The Hôtel de Castries (/fr/) is an hôtel particulier in the 7th arrondissement of Paris, at 72 Rue de Varenne. Dating from the end of the 17th and beginning of the 18th century, it was profoundly transformed by the Duke of Castries between 1843 and 1863, under the architects Joseph-Antoine Froelicher and François Clément Joseph Parent.

It is a property of the state. As of August 2022, it is the office of the Government Spokesman.

==History==

===Hôtel de Nogent===
The hôtel was originally built around the end of the 17th century by Jean Dufour, seigneur de Nogent. Typical of residences of this time, it had a courtyard forming a perfect square and two wings projecting off a central body to form a U, all of the same height. Slate-roofed, each of the wings had a passage running through it, with that on the left (preserved today) leading to the kitchens and that on the right to the stables.

In the right wing was to be found an antechamber, a grand staircase, a dining room, another room of the stables, and an attic. The left wing also contained a staircase with iron stair rods, three small rooms, another room, and another attic. The central body contained a double-height (i.e. filling the ground and first floors) great hall and four other rooms.

===Alterations by the marquis de Castries===
On 27 September 1708, Jean Dufour's widow, Angélique Guyner, sold the hôtel to Jean François de La Croix de Castries (1663-1728), first marquis de Castries, who bought it with an inheritance from his uncle the cardinal of Bonzi (?-1703), archbishop of Narbonne. That inheritance also meant he could afford to spend 20,000 livres on rebuilding of the house and expansion of its gardens from 1708 to 1714. The Castries family held onto it until the end of the 19th century. On his death, the building was rented in 1729 to Charles Armand de Gontaut-Biron (1663-1756), for 7,500 livres a year.

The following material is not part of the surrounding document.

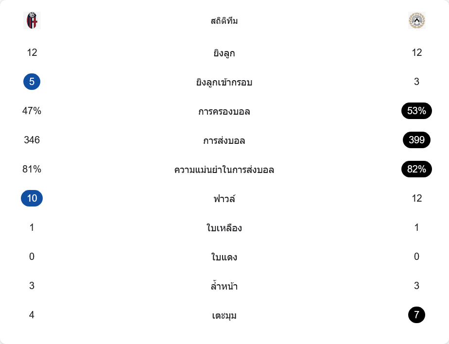 เกมนี้ยิงกันเท่ากันฝั่งละ 12 ครั้ง แต่โบโลญญ่าเปลี่ยนเป็นความอันตรายได้มากกว่าเพราะยิงเข้ากรอบ 5 ครั้ง ขณะที่อูดิเนเซ่เข้ากรอบ 3 ครั้ง การครองบอลทีมเยือนมากกว่าเล็กน้อยที่ 53 เปอร์เซ็นต์ แต่เป็นการครองที่วนไปมา เพราะโบโลญญ่าเพรสหนักจนจังหวะเข้าพื้นที่อันตรายไม่ต่อเนื่อง จำนวนการจ่ายบอลอูดิเนเซ่เหนือกว่า 399 ต่อ 346 และความแม่นยำพอๆ กันที่ 82 ต่อ 81 ฟาวล์อูดิเนเซ่มากกว่า 12 ต่อ 10 ใบเหลืองทีมละ 1 ใบ ไม่มีใบแดง ทั้งสองทีมล้ำหน้าฝั่งละ 3 ครั้ง จุดที่สะท้อนเกมบุกของทีมเยือนคือได้เตะมุมถึง 7 ครั้ง แต่โบโลญญ่ากันลูกกลางอากาศและกันจังหวะสองได้ดีมาก จนเตะมุมเยอะแค่ไหนก็ยังจบไม่คม

===Embellishments by the marshal de Castries===
In 1743, the marquis's third son, Charles Eugène Gabriel de La Croix de Castries (1727-1801), future marshal of France, recuperated at the family hôtel and installed himself there before his marriage to Gabrielle Isabeau Thérèse de Rozet de Rocozel de Fleury, daughter of the first duc de Fleury. A 1761 inheritance from his uncle the Marshal of Belle-Isle left Charles to with a huge fortune, and allowed him to initiate grand works on the hôtel's interior decoration, led by the sculptor Jacques Verberckt. A new gate onto the street was built by Jacques-Antoine Payen in 1762, which may still be seen, and the two wings were linked by a high wall surmounted by a balustrade. In 1778, Adrien-Louis de Bonnieres, duc de Guines (1735-1806), rented part of this mansion, and he died here at the age of seventy-one.

===Additions by the second duke of Castries===
During the French Revolution, the hôtel was seized as one of the goods of an émigré and assigned to the ministry of war.

In 1842, on the death of his father, the second duke of Castries, Edmond Eugène Philippe Hercule de La Croix de Castries (1787-1866) undertook important restoration and transformation work on the building, by then in a poor state, under the direction of Joseph-Antoine Froelicher between 1843 and 1863, then under the direction of his son-in-law, François Clément Joseph Parent, who directed the works until his death. It was these works that gave the building its present appearance.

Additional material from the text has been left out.